Completing the square is another method for solving quadratic equations. It involves manipulating the equation to create a perfect square trinomial, which can then be easily factored.

1. Move the constant term to the right side: x² + 2x = 48

2. Take half of the coefficient of x (which is 2), square it (1), and add it to both sides: x² + 2x + 1 = 48 + 1 x² + 2x + 1 = 49

3. Factor the left side as a perfect square trinomial: (x + 1)² = 49

4. Take the square root of both sides: x + 1 = ±√49 x + 1 = ±7

5. Solve for x: x = -1 + 7 = 6 x = -1 - 7 = -8

Once again, we arrive at the solutions x = 6 and x = -8.

Graphical Representation

The solutions to the quadratic equation x² + 2x - 48 = 0 represent the x-intercepts (where the graph crosses the x-axis) of the parabola represented by the function y = x² + 2x - 48. If you were to graph this function, you would see that the parabola intersects the x-axis at x = 6 and x = -8. This provides a visual confirmation of our solutions.

Why Multiple Methods?

We explored three different methods to solve the same quadratic equation. While the factoring method is often the quickest for easily factorable equations, the quadratic formula provides a universal solution. Completing the square is a valuable technique that is also useful in other areas of mathematics, particularly in conic sections. Understanding all three methods allows you to choose the most efficient approach depending on the specific equation.
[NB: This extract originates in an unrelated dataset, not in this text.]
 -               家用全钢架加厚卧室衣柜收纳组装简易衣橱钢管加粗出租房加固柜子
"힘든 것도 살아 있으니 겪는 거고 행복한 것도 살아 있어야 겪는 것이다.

Applications of Quadratic Equations

Quadratic equations are far from merely abstract mathematical concepts. They have wide-ranging applications in various fields:

• Physics: Calculating projectile motion, analyzing the trajectory of objects under the influence of gravity.
• Engineering: Designing bridges, buildings, and other structures; analyzing stress and strain in materials.
• Economics: Modeling supply and demand, optimizing production, and analyzing market trends.
• Computer Graphics: Creating curves and shapes in computer-generated images and animations.

Frequently Asked Questions (FAQ)

Q: What if the quadratic equation doesn't factor easily?
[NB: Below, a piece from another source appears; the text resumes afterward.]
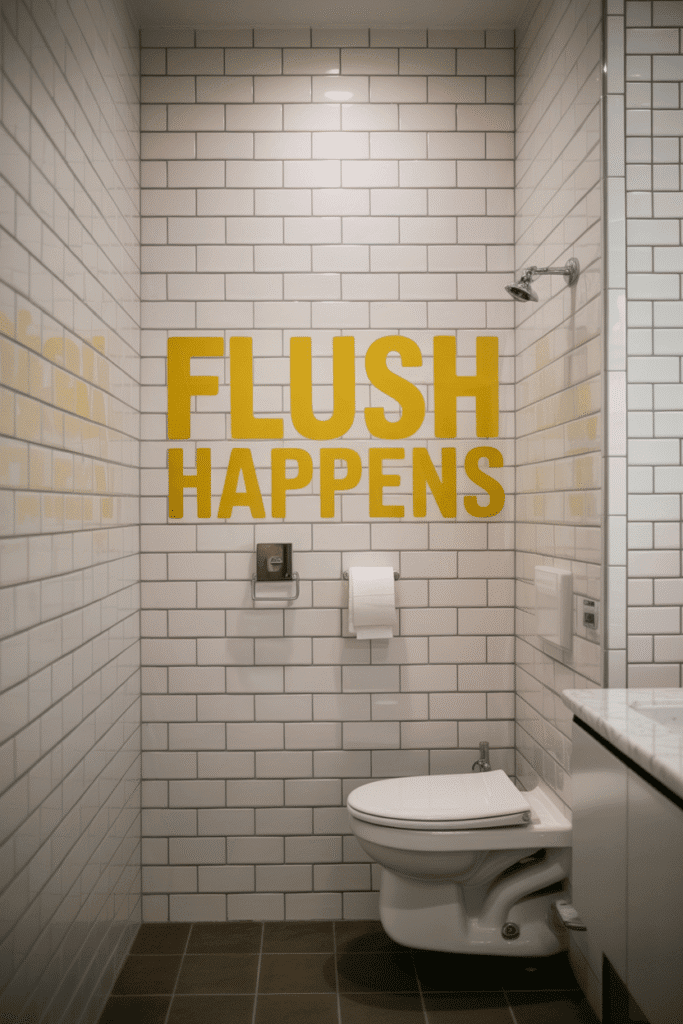 Create a modern statement piece with oversized text in a bright color. Sayings like Flush Happens or Soak It Up look great in high contrast palettes. This style works best as a focal point on an otherwise plain wall, drawing the eye instantly and sparking conversation.

A: In such cases, the quadratic formula is the most reliable method to find the solutions.

Q: Can a quadratic equation have only one solution?
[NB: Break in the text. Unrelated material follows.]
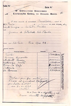 Comprovante de inscrição e devolução das obras de Annita Malfatti apresentadas na 38ª Exposição Geral de Belas-Artes

A: Yes, a quadratic equation can have one solution (a repeated root) if the discriminant (b² - 4ac) is equal to zero.

Q: Can a quadratic equation have no real solutions?

A: Yes, if the discriminant (b² - 4ac) is negative, the quadratic equation will have no real solutions, but it will have complex solutions involving the imaginary unit i.

Q: What does the discriminant tell us?

A: The discriminant (b² - 4ac) determines the nature of the solutions: * If b² - 4ac > 0, there are two distinct real solutions. * If b² - 4ac = 0, there is one repeated real solution. * If b² - 4ac < 0, there are no real solutions (two complex solutions).

Conclusion

Solving the quadratic equation x² + 2x - 48 = 0, whether through factoring, the quadratic formula, or completing the square, ultimately leads to the same solutions: x = 6 and x = -8. Understanding these methods isn't just about solving this single equation; it's about mastering a fundamental algebraic skill with numerous applications in various fields. The ability to solve quadratic equations is a crucial stepping stone in your mathematical journey, opening doors to more advanced concepts and real-world problem-solving. Remember to practice these methods with different equations to build your confidence and proficiency. Don't hesitate to revisit this guide as needed to reinforce your understanding.